Memory allocation error when scanning large music folder #212

Closed
pienk opened this Issue Apr 12, 2014 · 20 comments

Projects

None yet

8 participants

@pienk
pienk commented Apr 12, 2014

When scanning my music collection of 7416 songs the music app stops at 1336 songs imported with the following error in the apache log:

Allowed memory size of 536870912 bytes exhausted (tried to allocate 3691560553 bytes) in /var/www/owncloud/apps/music/3rdparty/getID3/getid3/getid3.php on line 1641

This is an allocation of 3.44 GB and I have an allowed memory size of 512 MB.
There is no music shown in the music app.
After the error there are 1336 rows in my oc_music_tracks table.
If I go to my files app and back to music the app tries to import some (22) more songs but the same error occurs.
My music folder is mounted via the external storage app as local storage.

If I symlink the music folder in my owncloud directory the music does appear in the music app but it stops at around the same point (1350 songs). I am able to play the songs that are imported.

@MorrisJobke
Member

@pienk Hi. Did you use the latest version? Because I included an incremental scanner (50 steps at once) to avoid such issues.

Thanks for your feedback and sorry for the anwsering delay.

@stefanriemens

I can confirm this bug report, it happens for me as well. It was scanning happily until song 5253/6766. Even increasing the memory limit to 1536M did not solve it, still a memory exhaustion error.
My music folder is also on a samba external mount (using external storage, no linux mounting).

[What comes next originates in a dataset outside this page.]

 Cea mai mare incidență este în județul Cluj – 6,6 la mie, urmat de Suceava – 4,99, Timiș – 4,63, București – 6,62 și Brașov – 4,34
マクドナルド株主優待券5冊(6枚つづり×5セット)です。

My server is running the latest owncloud version 6 on an up-to-date Scientific Linux 6, on php 5.4.27.

cat apps/music/appinfo/version
0.1.9.1-rc

@naringas

This is happening to me too on 0.1.9.1-rc

There are many messages like this one in the log:

Allowed memory size of 134217728 bytes exhausted (tried to allocate 1167823392 bytes) at /path/to/owncloud/apps/music/3rdparty/getID3/getid3/getid3.php#1641

I have many FLAC files in my library, it got stuck on 138/1520 and they're on an local external share/mount

@MorrisJobke
Member

I changed the size of the scan interval from 50 to 20 files on each scan cycle and hope this is enough to fix this issue. (it is included into v0.2 if you download it from the app store or download it from the github release packe - i patched the tar.gz there)

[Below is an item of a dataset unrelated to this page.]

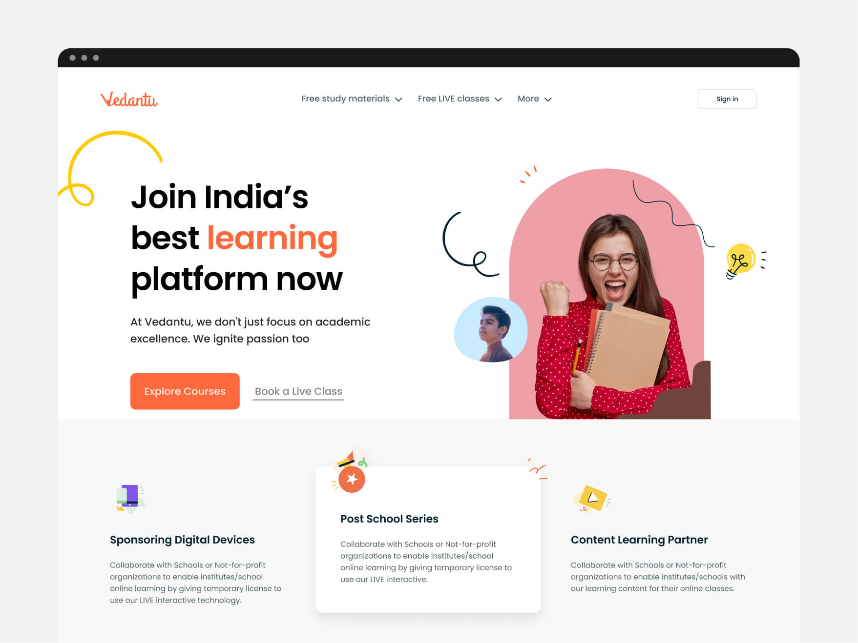 Vedantu is a widely known brand in the global market and was recently named a unicorn. Make sure to keep the roots of the original features and USPs while making it modern & playful. Increase the conversion rate from the old website.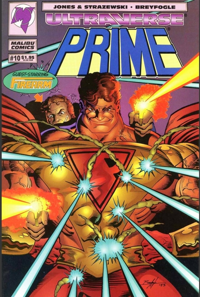 Within the Ultraverse is a hero that was notably absent in the many UV comic books I reviewed, and Malibu Comics even published a regular series of the character. That character is Firearm who goes by the civilian identity as Alec Swan. Swan, who has no super powers, is a British private investigator who was formerly a member of an elite cover bureau in his home country. He has been working as a PI in California and he has encountered several super-powered people in the Ultraverse. In this comic book review, he gets involved with Prime.

@MorrisJobke MorrisJobke added this to the 0.3 milestone Apr 30, 2014
@MorrisJobke MorrisJobke added the Bug label Apr 30, 2014
@naringas

Still not working for me... on 0.2
I added this $this->api->log(...); into here (which is the same place which that patch modified)

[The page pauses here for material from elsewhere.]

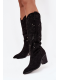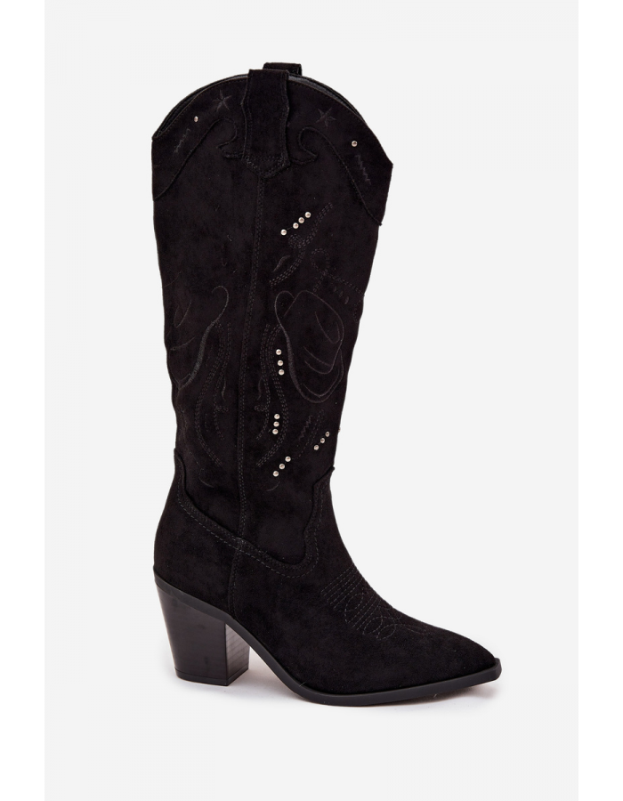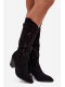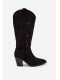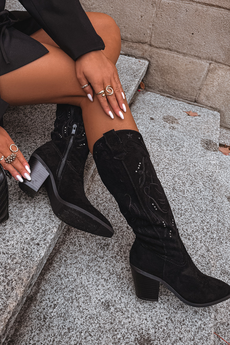 Dámské kozačky v cowboy stylu z eko semiše kombinují klasiku s moderním a výrazným charakterem. Jsou posazené na stabilním, seříznutém sloupkovém podpatku, který opticky zeštíhluje postavu a zároveň zajišťuje pohodlnou chůzi. Model vyniká ozdobnými prošíváními a jemnými zlatými detaily. Mandlové špičky dodávají obuvi ženský vzhled a praktický zip ve spodní části svršku usnadňuje obouvání. Kozačky jsou ideální pro podzimní a zimní outfity – skvěle ladí jak s úzkými kalhotami, tak s boho šaty.

        foreach ($music as $file) {
            if(!$batch && $count >= 20) {
                // break scan - 20 files are already scanned
                break;
            }
            if(!$batch && in_array($file['fileid'], $fileIds)) {
                // skip this file as it's already scanned
                continue;
            }
            $this->api->log('resscan: count '.$count ,'debug');
            $this->update($file['path'], $userId);
            $count++;
        }

and i got this in owncloud.log

{"app":"music","message":"Rescan triggered","level":1,"time":"2014-04-30T18:22:16+00:00"}
{"app":"music","message":"resscan: count 0","level":0,"time":"2014-04-30T18:22:16+00:00"}
{"app":"music","message":"update - file.flac","level":0,"time":"2014-04-30T18:22:16+00:00"}
{"app":"music","message":"update - mimetype audio\/flac","level":0,"time":"2014-04-30T18:22:16+00:00"}
{"app":"PHP","message":"Allowed memory size of 134217728 bytes exhausted (tried to allocate 1167823392 bytes) at \/path_to_owncloud\/apps\/music\/3rdparty\/getID3\/getid3\/getid3.php#1641","level":3,"time":"2014-04-30T18:22:16+00:00"}

So maybe it's a problem with the file I'm scanning? I do not know, but it always fails in the same file.
This file is 37 MBytes (38615810)

@MorrisJobke
Member

@naringas I will look for a bigger flac file and test against. Your allowed memory is 128 MB, right?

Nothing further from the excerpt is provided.